Derry courthouse at Bishop Street.
A man who admitted storing 1.5kg of drugs in his home for a drug gang has been released on bail at Derry Magistrate’s Court.
The defendant, granted anonymity due to an active threat against drug dealers in the city, is one of numerous individuals involved in a ‘large case’.
A police officer told the court that a property was searched in June where 1.5kg of herbal cannabis was located.
During police interview the defendant ‘didn’t provide an account’ and ‘wasn’t willing to identify anyone else involved’.
He did however tell officers that he was holding the drugs for another person for the fee of £300.
Police objected to bail due to the seriousness of the offences and the PSNI believes the accused supplies drugs ‘for the benefit of an organised crime gang’.
The officer added that the defendant is ‘under pressure from the gang’.

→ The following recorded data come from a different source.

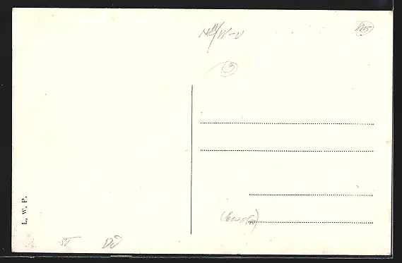 Personenbezogene Daten auf der Rückseite der Karte wurden durch blauen Textmarker unkenntlich gemacht. Die blauen Stellen sind auf die Vorderseite durchgeweicht und wirken sich negativ auf das Postkartenfoto aus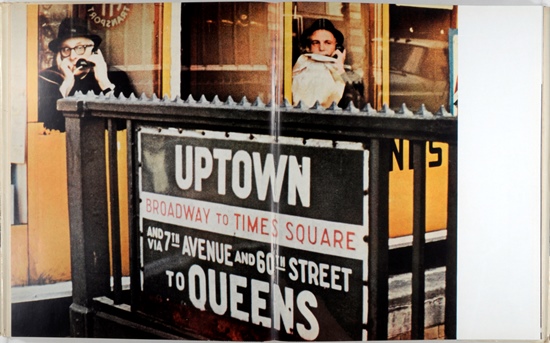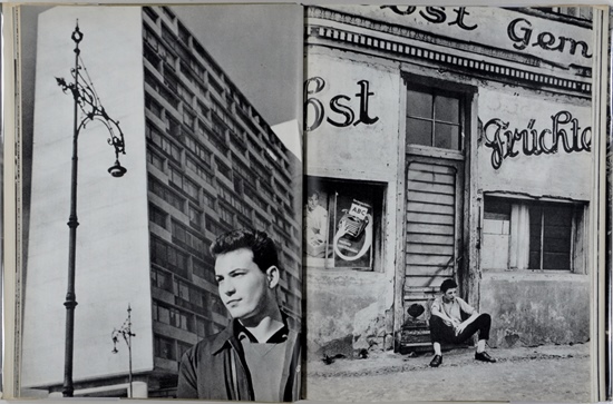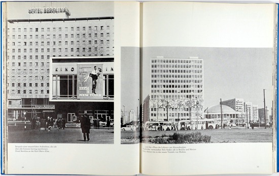 Sehnsucht nach fernen Ländern und Städten Die Berliner Mauer wurde von der DDR-Führung gerne als «Antifaschistischer Schutzwall» bezeichnet, um den eigentliche Zweck der Mauer zu verschleiern, das eigene Volk an der Flucht in Länder zu hindern, denen es noch nicht gelungen war, die «Ketten des Kapitalismus und Imperialismus» zu sprengen. Das Reiseverbot hatte zur Folge, dass fast jeder DDR-Bürger sich nichts sehnlicher wünschte, als einmal in diese Länder und Städte zu reisen. So entstanden Bücher wie «Jeder Tag war schön» (1966), die diese Sehnsucht befridigen sollten. Wie die «legale Flucht» in ferne Länder und Städte den Thorndikes gelang, steht natürlich nicht im Buch. Beim Bildband «New York» wird immerhin auf dem Schutzumschlag begründet, warum die beiden Autoren aus dem Bruderstaat Tschechoslowakei das Buch überhaupt machen konnten: Der Textautor hat einen Forschungsauftrag an der Uno und der Bildautor hat bereits Bildbände über Frankreich und Mexiko für die DDR photographiert. Auch hier sind Vorbilder unschwer erkennbar: Die eingestreuten Texte von Graffitis, Werbesprüchen usw. erinnern an William Kleins «Life Is Good & Good For You In New York» (1956) und die Farbphotos an «Images of a Magic City» in Life (1953) von Ernst Haas. ——— Jeder Tag war schön (1966) Jeder Tag war schön. Erlebnisse, Träume, Geständbisse, notiert zwischen Antwerpen und Bombay. / Annelie Thorndike. Fotografiert von Andrew THORNDIKE. Gestaltet von Heinz Bormann. – Rostock: VEB Hirnstorff Verlag 1966. – Gr.8°. 312 S. mit Abb. (teilweise farbig). Ganzleinenband (grobe Jute). Photobibliothek.ch 16729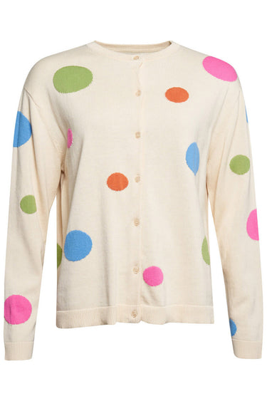 - Beautiful cardigan in a knitted quality with long sleeves, a round neck, and buttons all the way down the front. It has the loveliest circle pattern in different, bright and happy colors. It has a classic fit and is made from a pure and soft cotton quality.Use it as a stylish and feminine layer in your outfit.The style is called Jenny and is made from 100% cotton. The fit is 'Classic'.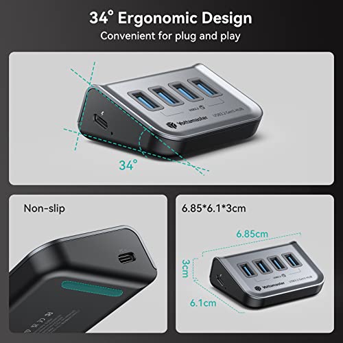 DESIGN ERGONOMICO - Questo hub USB 3.0 offre una protezione superiore, un'eccellente dissipazione del calore e un look elegante. L'angolo ergonomico di 34 gradi facilita lo scollegamento e l'inserimento dei dispositivi USB. È dotato di una fascia antiscivolo per una migliore stabilità sulla scrivania.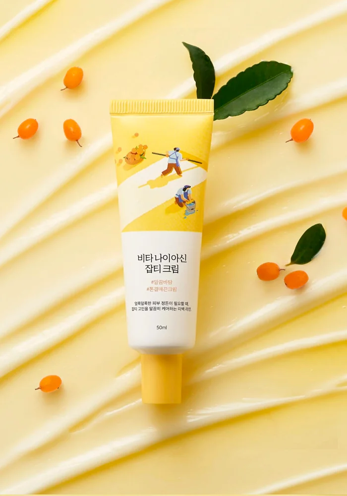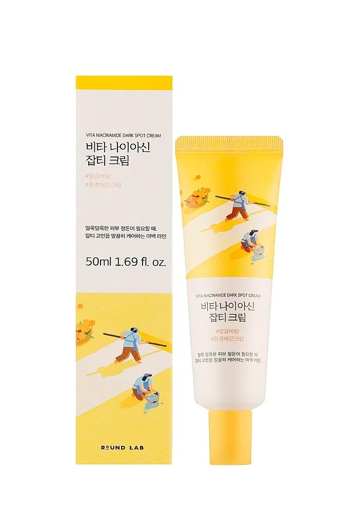Осветляющий крем с ниацинамидом Round Lab Vita Niacinamide Dark Spot Cream выравнивает тон, сокращает гиперпигментацию, веснушки и следы постакне, разглаживает рельеф, делает кожу упругой и сияющей.

Referring to his criminal record, a police officer said the accused was last convicted in 2002 and has no convictions for drug related offences.
Deputy District Judge McStay informed the police officer that a distinction would have to be made between this defendant and others linked to the case who have been admitted to bail.

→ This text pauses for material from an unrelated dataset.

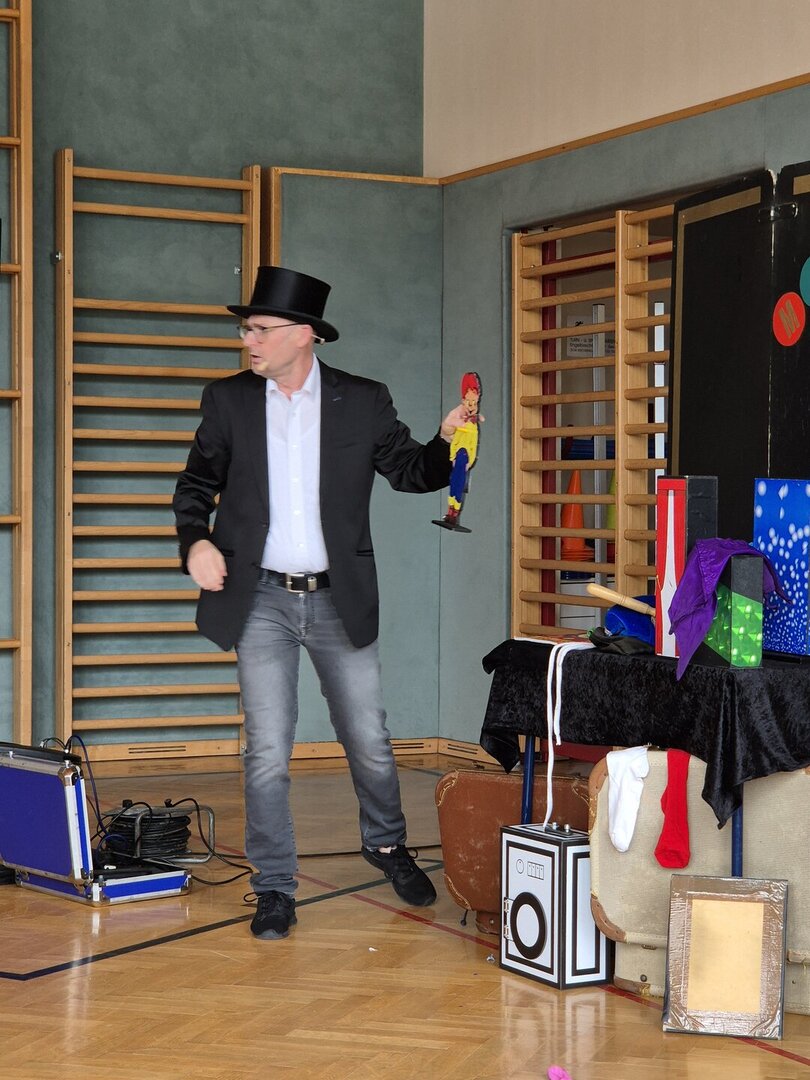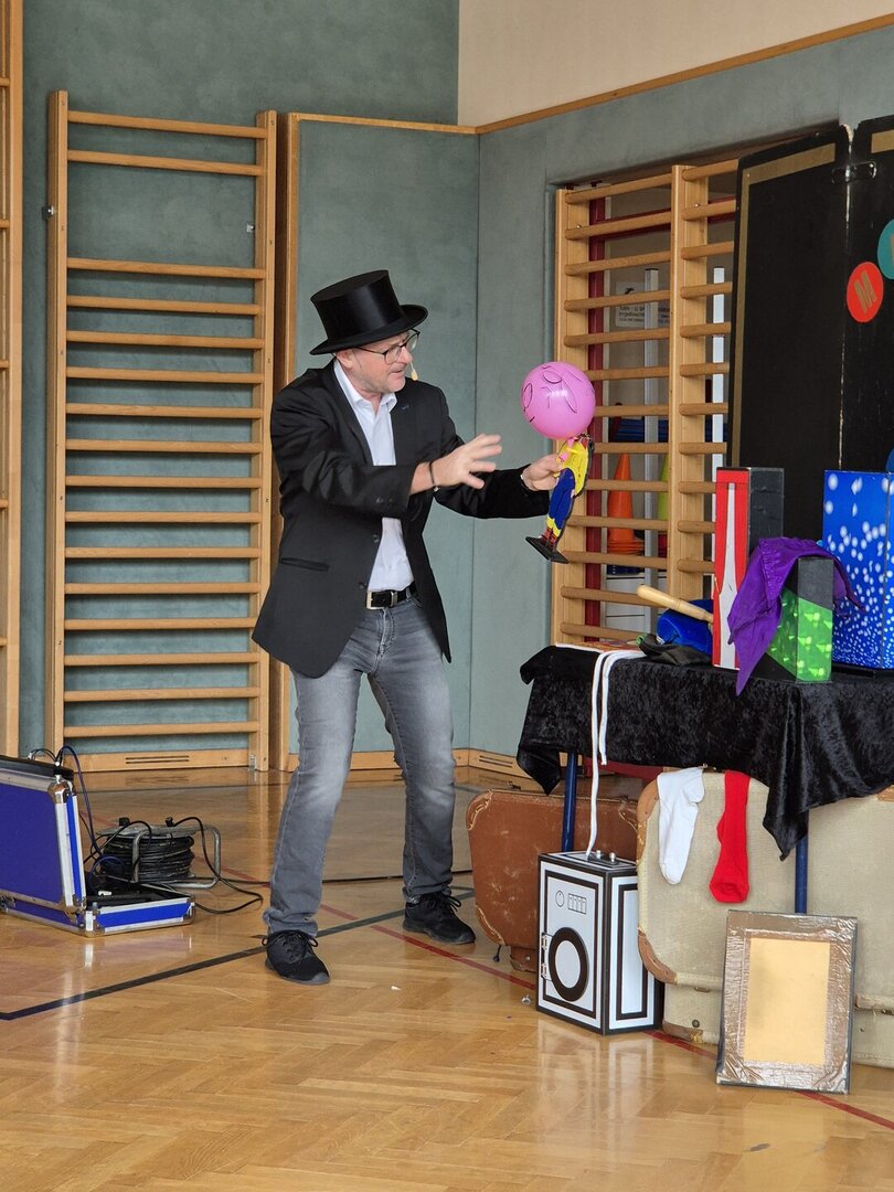 Gemeinsam mit den Kindern der Volksschule Tainach konnten wir uns von den Zauberkünsten des Zauberers überzeugen. Mit vielen Späßen unterhielt er uns und brachte den Turnsaal der Schule zum Beben. Wir versuchten so manchen Zaubertrick zu durchschauen, was uns aber nicht gelingen wollte. 123 Zauberei!

In response, the officer said this defendant admitted possession of 1.5.kg of drugs.
Defence solicitor Paddy MacDermott accepted that other defendants had small amounts of drugs but said the quantity was the ‘only real difference’.

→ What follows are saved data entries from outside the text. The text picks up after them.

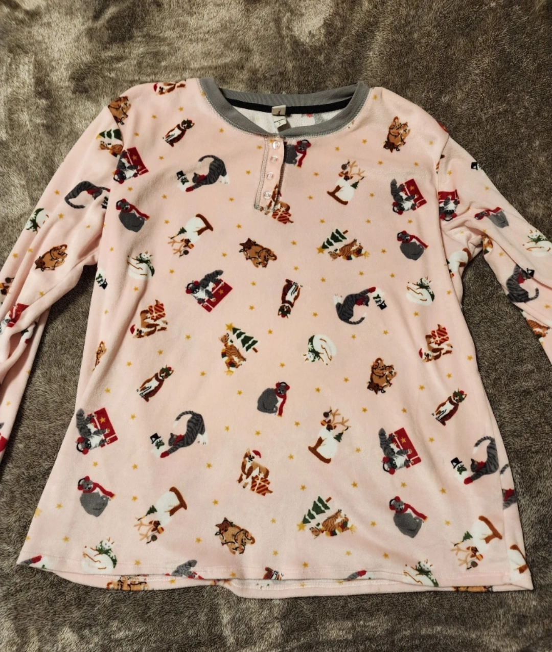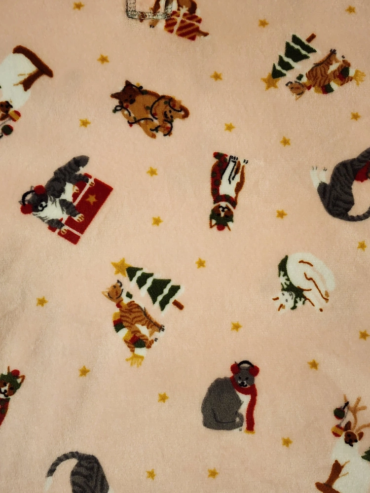 Set from Target. Was a gift but the legs are two short for me because I have long legs! Freshly washed too. Size small! Super soft light pink pj's with light grey cuffs on wrists and ankles. Crew neck top with buttons at the neck. It has the cutest cat design on it! Pick-up at Sheppard West subway station and cash only please :)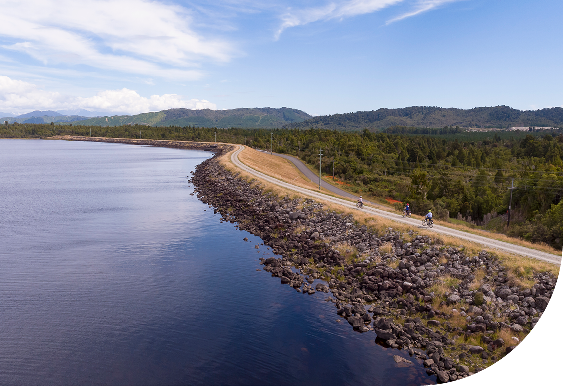 The West Coast Wilderness Trail is 4 days of incredible scenery, smooth mountain bike trails, unique flora and fauna, and fascinating history on the South Island’s West Coast. The trail spans from Greymouth to Ross, and crosses through Manawa Energy’s Dillmans Dam near Kumara, and Lake Kaniere, the reservoir for our Kaniere Forks/McKay’s Creek power scheme.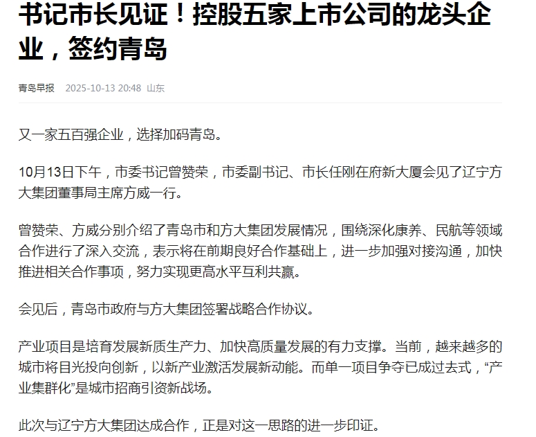 青岛市政府与方大集团签署战略合作协议,围绕深化康养、民航等领域合作进行了深入交流

He said his client’s record stops 20 years and asked for bail to be granted subject to conditions.
Everyone has been granted bail, Mr MacDermott added, except the alleged ring leader.
The defence solicitor said those who handle the drugs are ‘normally lower down the food chain’.
He argued that phones have to be examined and that will take a long time.
Judge McStay was ‘concerned’ about the large quantity saying the defendant could be a ‘trusted lieutenant’ but the ‘main players do tend to keep themselves at arm’s length’.
He decided to grant the defendant his own bail of £500 with a £3,000 surety.
A police officer asked that he be bailed to an address outside the city because of the threat against drug dealers.
However, the judge agreed to grant the defendant bail to an address in Derry with the belief that an anonymity order ‘will do the trick’.
He will have a curfew of 7pm-7am, electronic tag, is permitted to have one phone with no internet access and must sign at a local police station three times per week.
His case will appear before the court again on July 22.